Later just as I was going up to bed, she came downstairs for a snack, I said something friendly and she said words to the effect I can go up to bed now. I could have pitched a fit about "what's that supposed to mean" but I just went up to bed. Sometimes we are ships passing in the night like that. I can either accept it or get honked off about it. I'm too old to be mad all the time.
So sure I could have delivered "the hurtful truth", extemporized about my hurt feelings, and how rude and inconsiderate she was. But was that the moment to die on that particular hill? I think not. And in point of fact I doubt she meant anything about it or was particularly even thinking about it. It's no different than me grunting my way through one of my mental withdrawals. I can't expect space for me to be myself if I don't give her space to be herself.

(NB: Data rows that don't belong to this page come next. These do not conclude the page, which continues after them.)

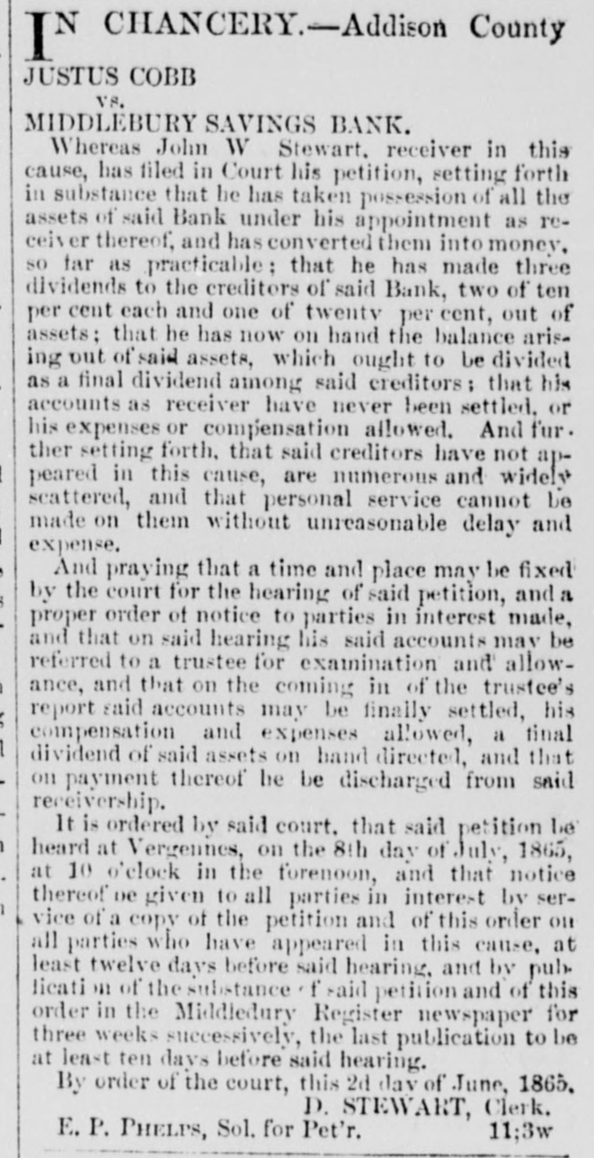 IN N CHANCERY.-Addisot County JUSTUS COBB VS. MIDDLEBURY SAVINGS BANK. Whereas John W Stewart. receiver in this cause, has filed in Court his petition, setting forth in substance that he has taken possession of all the assets of said Bank under his appointment as receiver thereof, and has converted them into money, SO far as practicable; that he has made three dividends to the creditors of said Bank, two of ten per cent each and one of twenty per cent, out of assets; that he has now on band the balance aris, ing out of said assets, which ought to be divided as a final dividend atrong said creditors; that his accounts as receiver have never been settled. or his expenses or compensation allowed. And fur. ther setting forth, that said creditors have not appeared in this cause, are numerous and widely scattered, and that personal service cannot be made on them without unreasonable delay and expense. And praying that a time and place may be fixed by the court for the hearing of said petition, and a proper order of notice to parties in interest made, and that on said hearing his said accounts may be referred to a trustee for examination and allowance, and that on the coming in of the trustee's report said accounts may be finally settled, his compensation and expenses allowed, a final dividend of said assets on band directed, and that on payment thereof he be discharged from said receivership. It is ordered by said court, that said petition be heard at Vergennes, on the 8th day of July, 1865, at 10 o'clock in the forenoon, and that notice thereof be given to all parties in interest by service of a copy of the petition and of this order on all parties who have appeared in this cause, at least twelve days before said hearing, and by publication of the substance of said petition and of this order in the Middledury Register newspaper for three weeks successively, the last publication to be at least ten davs before said hearing. By order of the court, this 2d dav of June, 1865. D. STEWART, Clerk. E. P. PHELPS, Sol. for Pet'r.
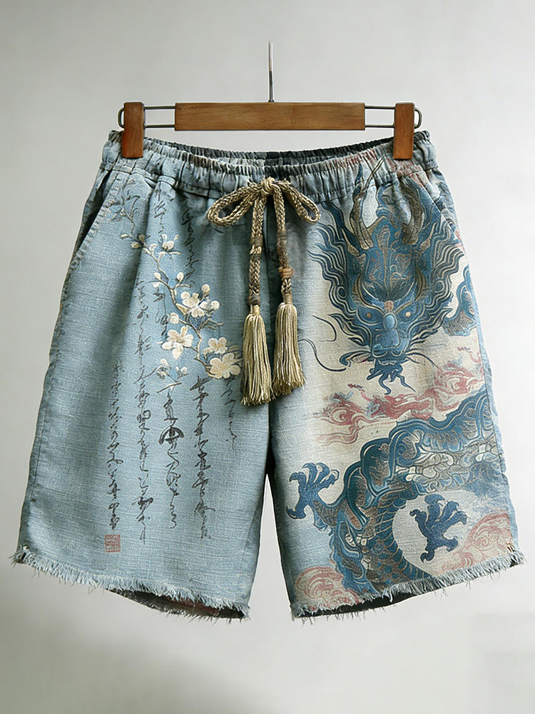 Men's Retro Floral Calligraphy And Dragon Pattern Art Casual Shorts
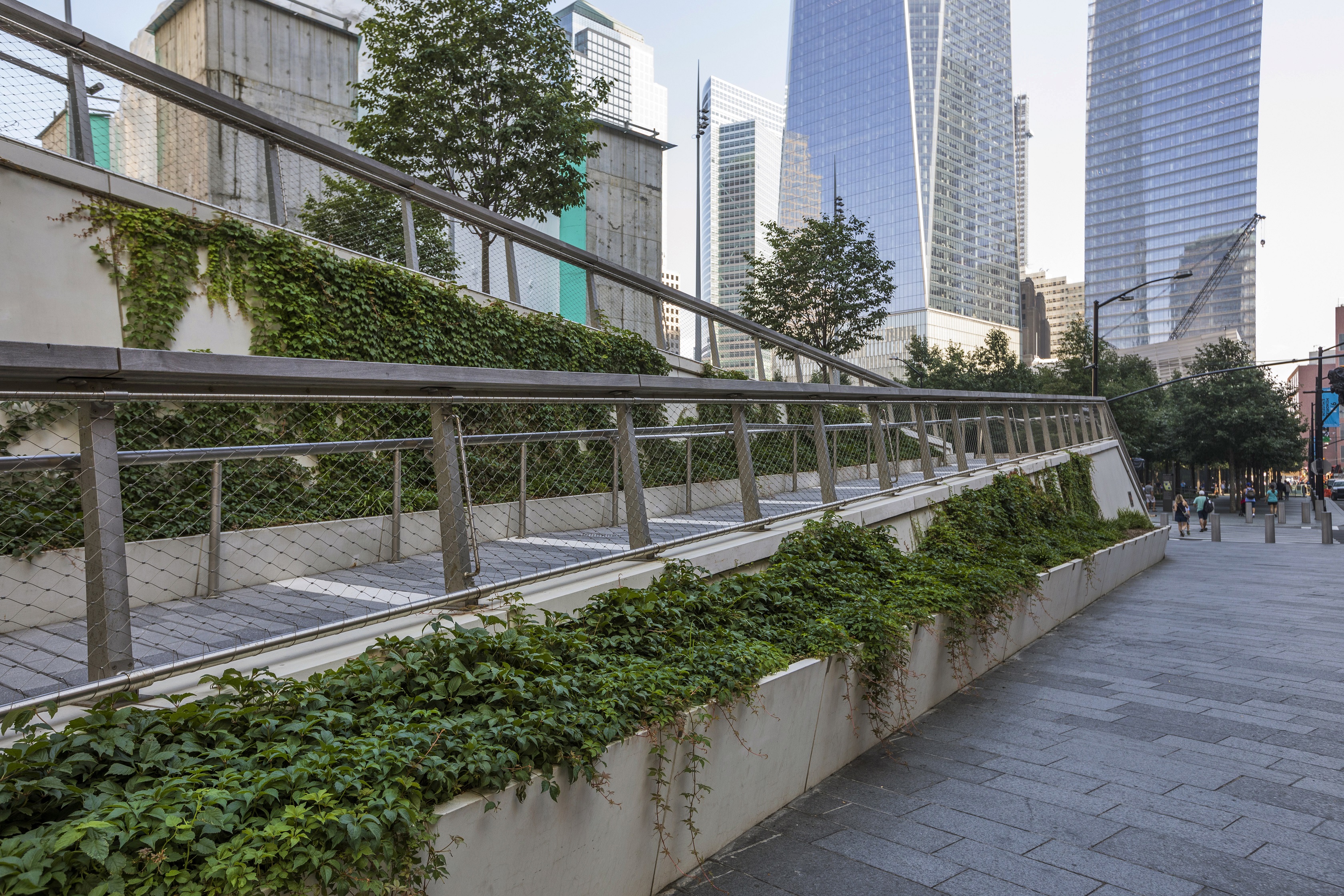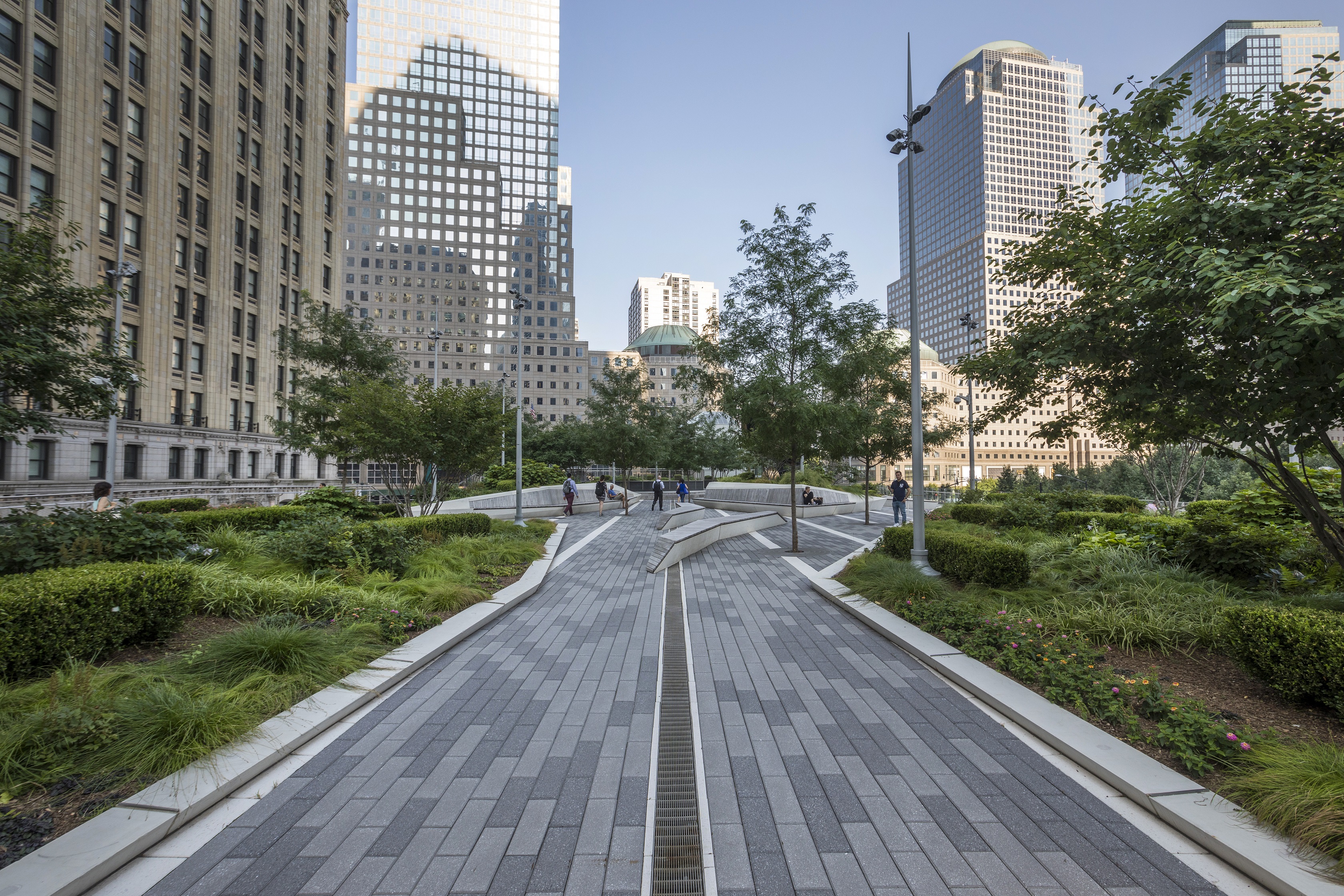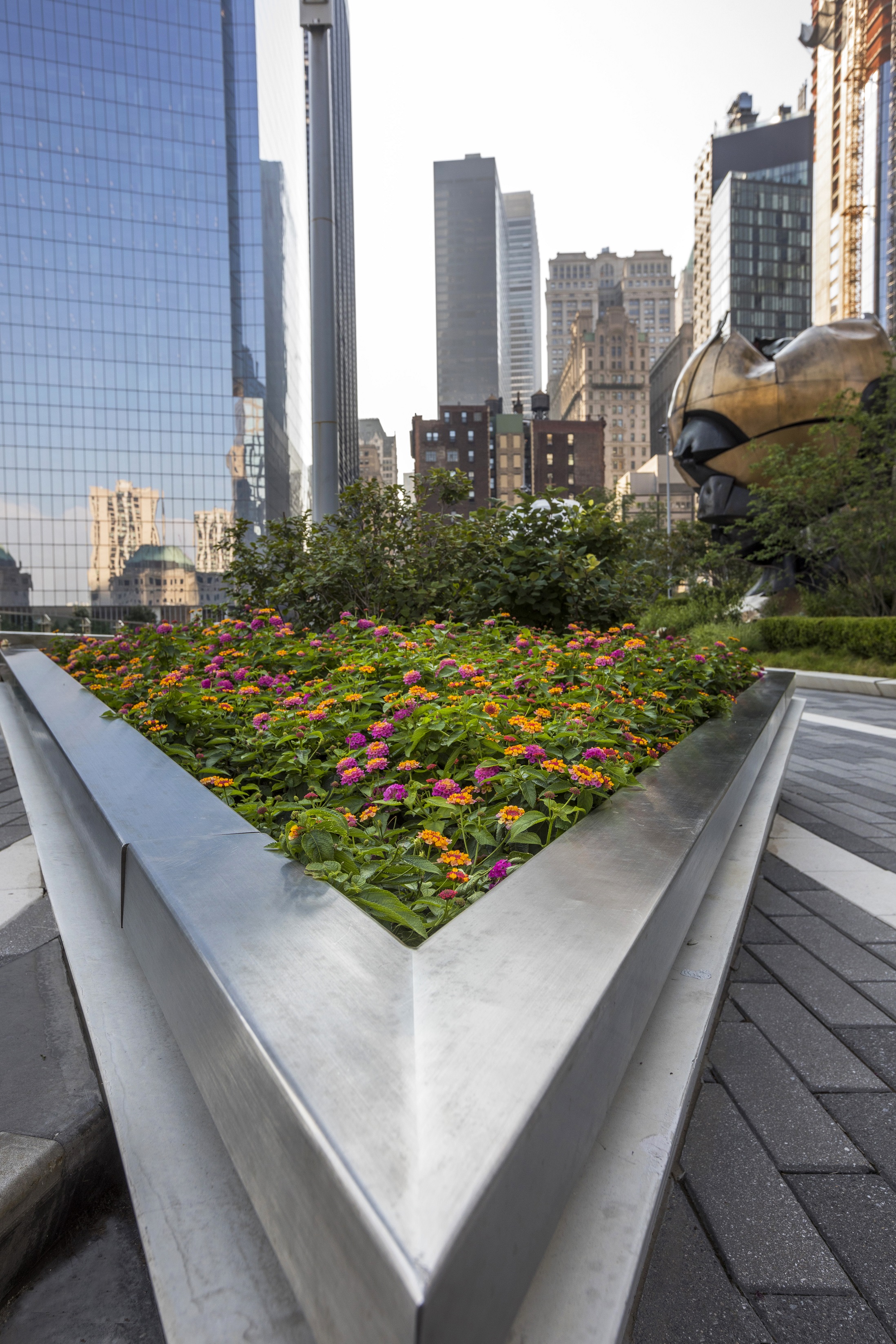 The sharp angles and clean lines cutting through this one-acre elevated park mirrors that of the freedom tower encouraging passersby to stop and reflect as they take in the surrounding views.
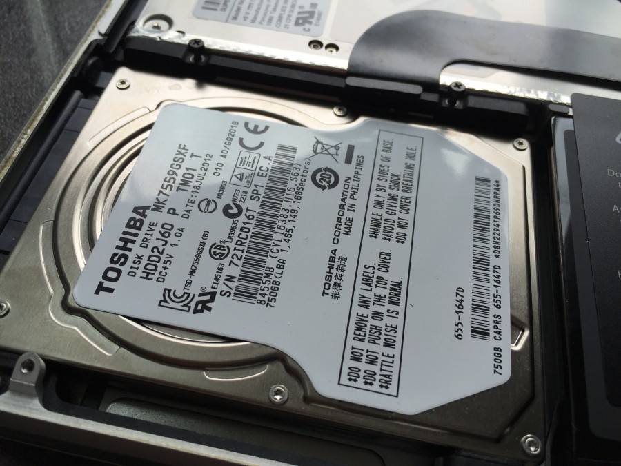 Die Festplatte in einem MacBook oder MacBook Pro ist für einen Geübten in weniger als drei Minuten ausgebaut. Die Demontage der Bodenplatte des Laptop dauert keine zwei Minuten, der Ausbau der Festplatte weniger als eine Minute. Für den Laien ist der Ausbau der Festplatte in weniger als fünf Minuten realistisch. Nach dem entfernen der Bodenplatte, die bei den meisten Modellen mit zehn Schrauben befestigt ist (Spezialwerkzeug erhältlich für ca. 10,- EUR) die nur fingerfest angezogen sind ist die Festplatte schnell lokalisiert. Um die Festplatte auszubauen sind nur noch weitere zwei von vier Schrauben zu lösen und das SATA Kabel (gesteckt) zu ziehen. Anschließend kann die Hardware mit wenigen Tests sicher getestet und der Fehler wahrscheinlich eingekreist werden.
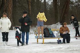 Праздник Крещение Господне в Серебряном бору. Участник крещенских купаний одевается, гуляющие люди.
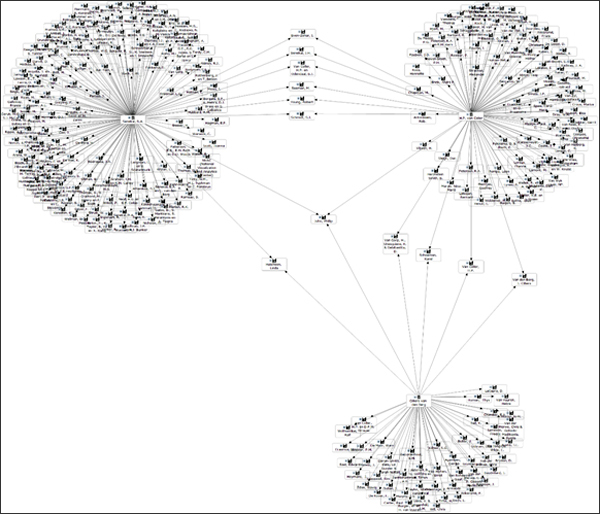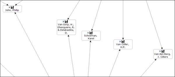 In die groeperings hier bo is Burgert Senekal links bo, Hennie van Coller regs bo, en Cilliers van den Berg onder. Soos in hierdie sosiogram gesien kan word, is hier min oorvleueling van bronne, en vergroting dui aan met watter bron daar oorvleuel is:
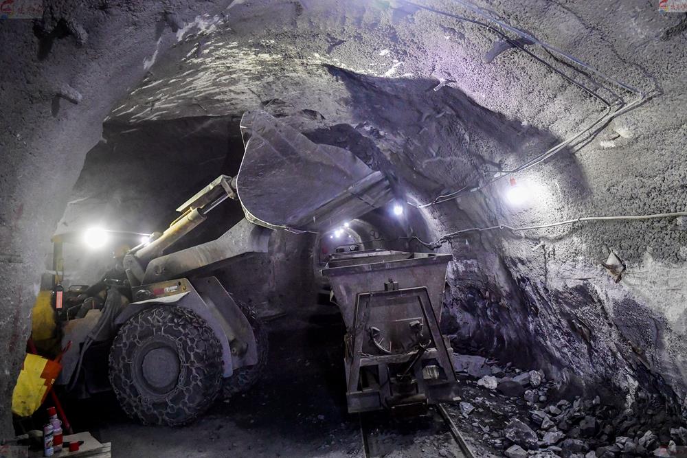 12月14日,在陜西震奧鼎盛礦業(yè)有限公司距主洞口4000米、深200多米的礦井內(nèi),重載車(chē)輛等待斜井提升作業(yè)。
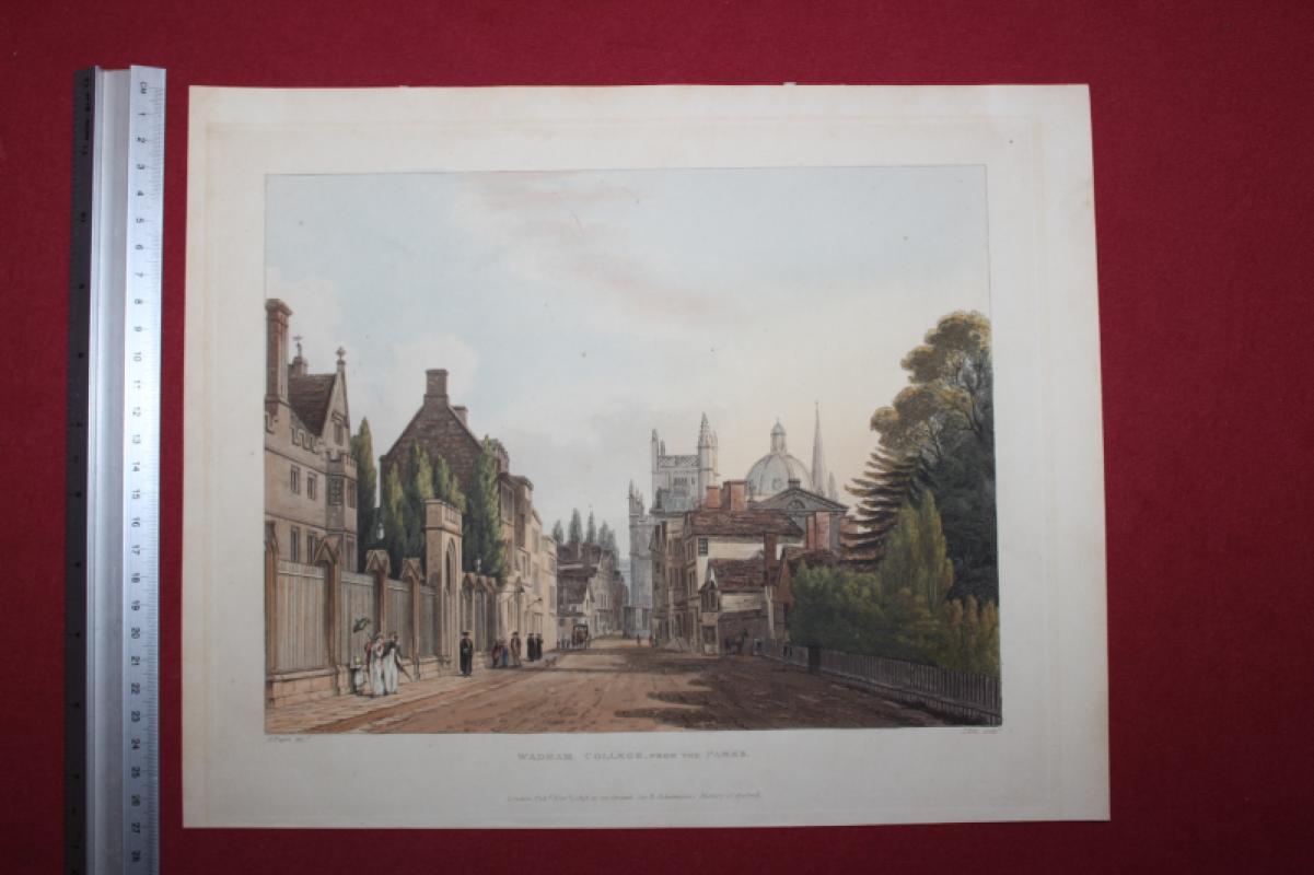 Aquatint print with a view of Wadham College. The paper is lightly browned. There are some old tape remains to the upper edge at the rear where it has been mounted in the past. The sheet measures approximately 27 x 33cm.
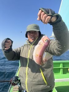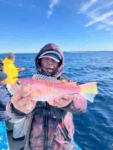 アマダイ 32~40cm 0~4匹 オニカサゴ カンコ イトヨリ アマダイ船。下浦沖から剣崎沖を転々と狙い、西風やや強く吹いてウネリ高く釣りづらい状況でした。 1日を通して海悪く底ダチ取りづらく、潮の流れも緩く各ポイントで船中ポツリと顔見れるものの単発で、サイズは中・良型揃いに終日ポツリポツリの拾い釣りでした。 トップ4尾、残念ながらオデコ1名でした。 潮次第でデカアマのチャンス有るので今後に期待しましょう(^^♪
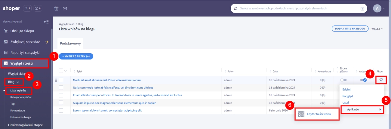 - Przejdź do Wygląd i treści → Blog → Lista wpisów.
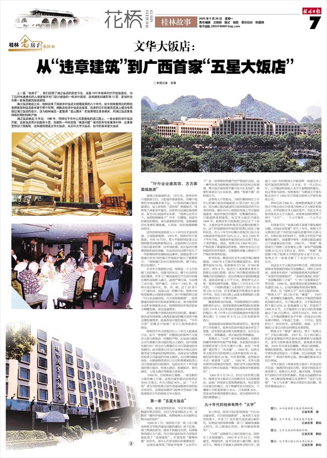 1986年7月,国务院下发一纸《关于解决桂林文华饭店建设问题的通知》划下红线:该工程就此封顶,建筑不得超过五层,局部装饰顶端可为六层。斥巨资打造的涉外合资饭店就此成了“违章建筑”,在那没有“微博热搜”的年代,成为人们茶余饭后的重要谈资。
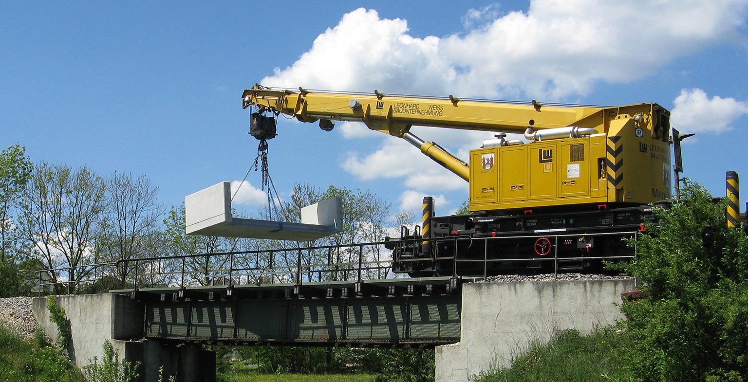 Innovative Maschinentechnologie war schon immer ein Markenzeichen von LEONHARD WEISS. Dank eigener Entwicklungsarbeit verfügen wir über leistungsfähige Gleisbaukrane.
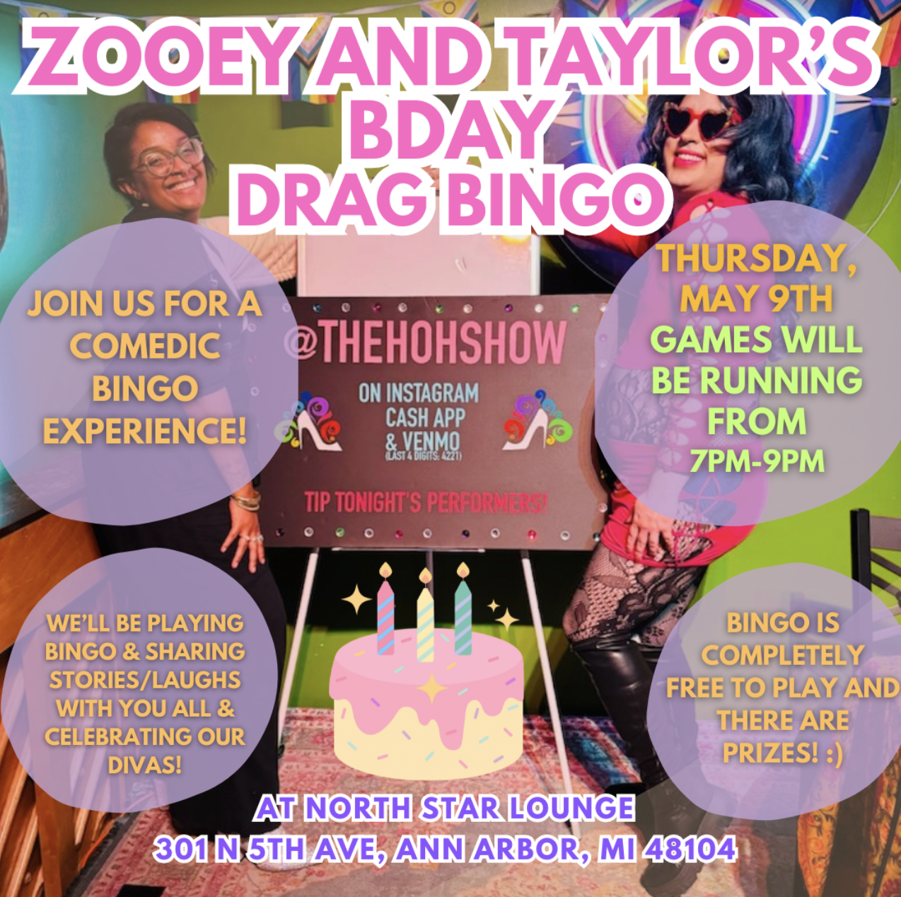 LGBTQ Night: ZOOEY & TAYLOR’S B-DAY DRAG BINGO Thursday, May 9, 2024 7:00 PM 9:00 PM North Star Lounge 301 North 5th Avenue Ann Arbor, MI, 48104 United States (map) Google Calendar ICS Make friends, have fun, win prizes! Join us for a comedic bingo experience, hosted by Zooey and Taylor from the Heads over Heels Show. Celebrate Zooey’s birthday-month!
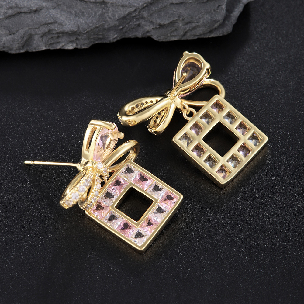 Boucle en acier inoxydable, Acier inoxydable 304, Placage, pavé de micro zircon & pour femme & creux, doré, Vendu par paire

A lie, no matter how well meant, is a cruel act. Because the truth always emerges.
Simply telling the truth at the time my be painful but nowhere near as painful and being lied to then finding the truth.
I usually don't ask a question that I do not want to hear the honest truth about. Some people give rude unsolicited statements, under the guise of being "honest" or "real". I would prefer for those people to "white lie" or keep "their truth" to themselves.